Of the $25 million set aside by the U.N. for nutritional supplements for children and pregnant and nursing mothers, Iraq has spent less than $2 million since 1996 and nothing in the past 18 months, it says.
Meanwhile, baby milk sold to Iraq through the U.N. program has shown up in shops throughout the Persian Gulf as part of a scheme to convert goods into funds for illicit purposes, according to the report.
This summer, U.N. patrols discovered a ship carrying 2,000 metric tons of rice and other goods exported from Iraq in exchange for hard currency.
“Baghdad’s refusal to cooperate with the oil-for-food program and its deliberate misuse of resources are cynical efforts to sacrifice the Iraqi people’s welfare in order to bring an end to U.N. sanctions without complying with its obligations,” the report charges.

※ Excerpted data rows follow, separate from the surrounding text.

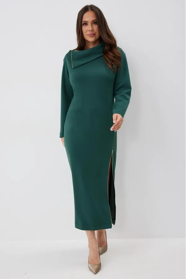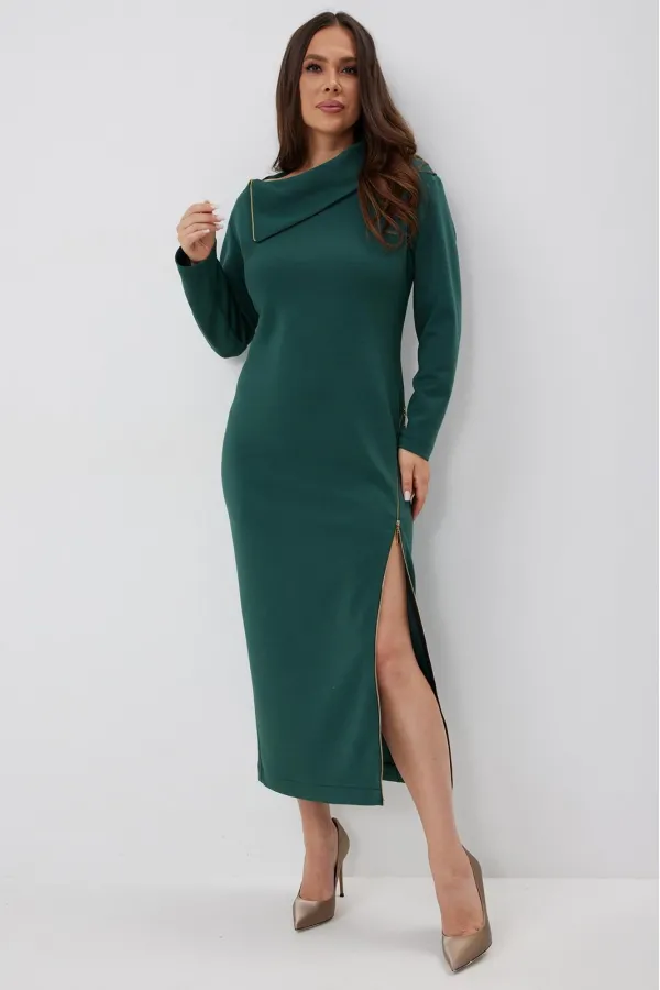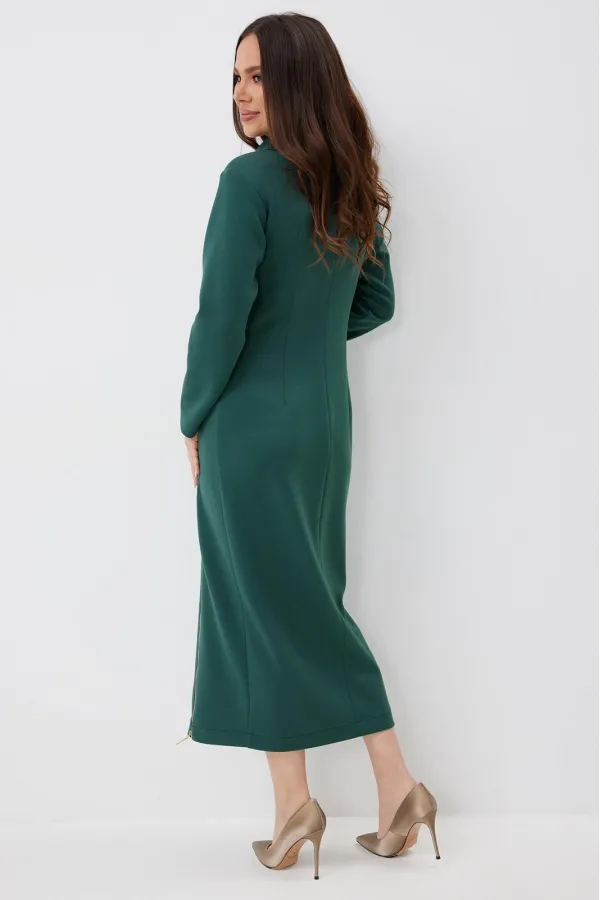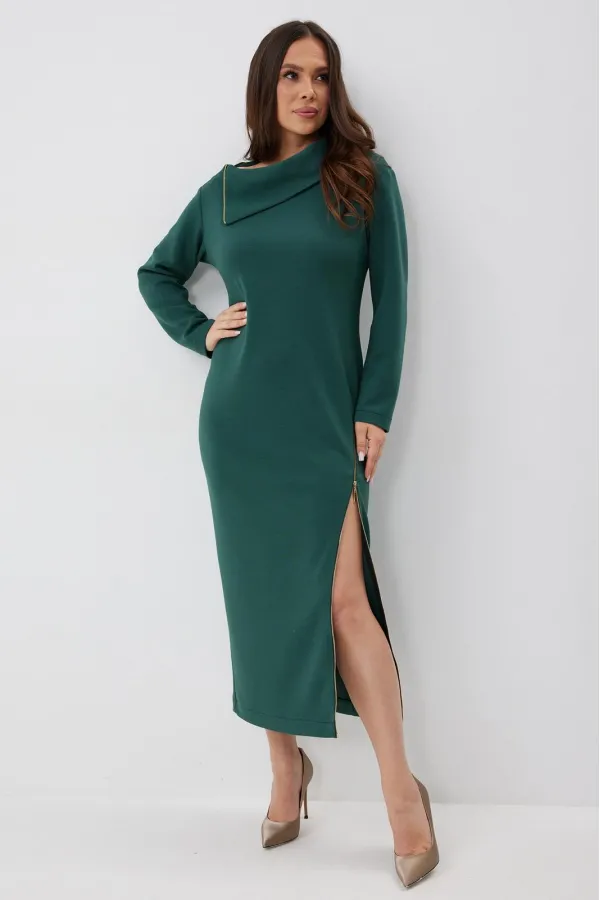 Элегантное и стильное платье миди полуприлегающего силуэта. Выполнено из приятного к телу комфортного гладкого трикотажного полотна. Рукав втачной, полной длины. Украшением платья являются функциональные тесьмы молнии. С их помощью можно стильно уложить воротник и отрегулировать вырез платья. Из лаконичного базового платье легко трансформируется в стильное и сексуальное. Длина платья от плечевого шва 127 см. Длина рукава 60 см.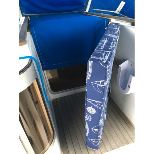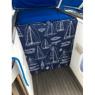 So what exactly is a Door Baffle. It is a boat canvas creation that take the place of hatch boards when you are onboard. The Door Baffle block the companionway door, keeping heat out and cold in during the some and just the reverse in the winter. Rather than removing and replacing hatch each time you enter or exit the cabin. Just grab the handle on the door baffle when you need to move it and then replace it when you are done. Simple one handed operation, you don't even have to set your drink or your sandwich down.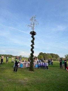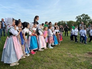 Unter diesem Motto tanzten die Vorschulkinder unseres Kinderhauses „Max & Moritz“ in Luga ihre eingeübten Maitänze. Die Mädchen trugen nicht nur die traditionelle sorbischen kath. Tracht, sondern auch unsere neuen sorbisch evangelischen Trachten. Mit Hilfe einer knapp 70 Prozentigen Förderung der Sorbischen Stiftung konnten neue Trachten angeschafft werden. Die restlichen Gelder wurden von Spenden, unter anderen auch vom letzten Maibaumwerfen in Luga 2023 finanziert.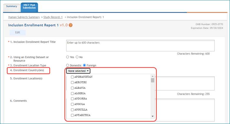 New country codes, detailed here, incorporated in country drop-down lists on the Inclusion Enrollment Report form; see Figure 2.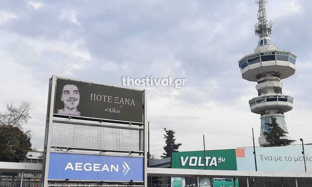 Με φωτογραφία και τη φράση «Ποτέ Ξανά» τιμάται στη νότια πύλη της ΔΕΘ η μνήμη του αδικοχαμένου Άλκη Καμπανού, μαγνητίζοντας τα βλέμματα των περαστικών και προκαλώντας συγκίνηση και θλίψη για τον 19χρονο που δολοφονήθηκε άγρια από ενέδρα οπαδών.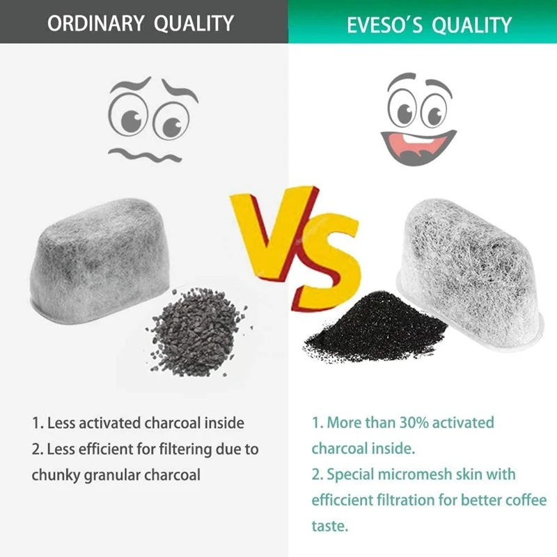 Многоступенчатая фильтрация: угольный фильтр для воды удаляет вкусы и запахи в дополнение к частицам, бактериям, кистам, хлору, органике и свинцу, улучшенное качество смолы может защитить вашу кофемашину Breville от daes, создаваемых твердым нарастанием воды.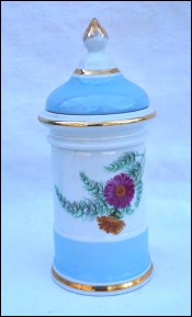 LIMOGES Porcelain Apothecary Jar Transferware Flower Gild D&C

Iraq is required to declare and destroy all of its weapons of mass destruction--ballistic missiles and nuclear, chemical and biological weapons--before the United Nations considers lifting sanctions. But nine years after its invasion of Kuwait sparked the Gulf War, Iraq has not even revealed what arms it has, a process that was initially supposed to take 90 days.
Although it lacks extensive evidence, the United States believes Baghdad is intent on developing the world’s deadliest weapons. “If given control of Iraq’s resources, Hussein would use them to rearm and threaten the region, not to improve the lot of the Iraqi people,” the report concludes.
While the Iraqi people suffer, the regime has managed to divert enough resources to build a sprawling vacation resort city called Saddamiat al Tharthar 85 miles west of the capital. It includes an amusement park complete with a Ferris wheel, a man-made lake, two stadiums, hospitals and 625 homes for Iraq’s elite. It opened in April as part of celebrations marking Hussein’s birthday.
“There is no clearer example of the government’s lack of concern for the needs of its people than Saddamiat al Tharthar,” the report says. The regime also has spent more than $2 billion to pay for 48 new palaces for the Iraqi leader since the Gulf War’s end, it adds.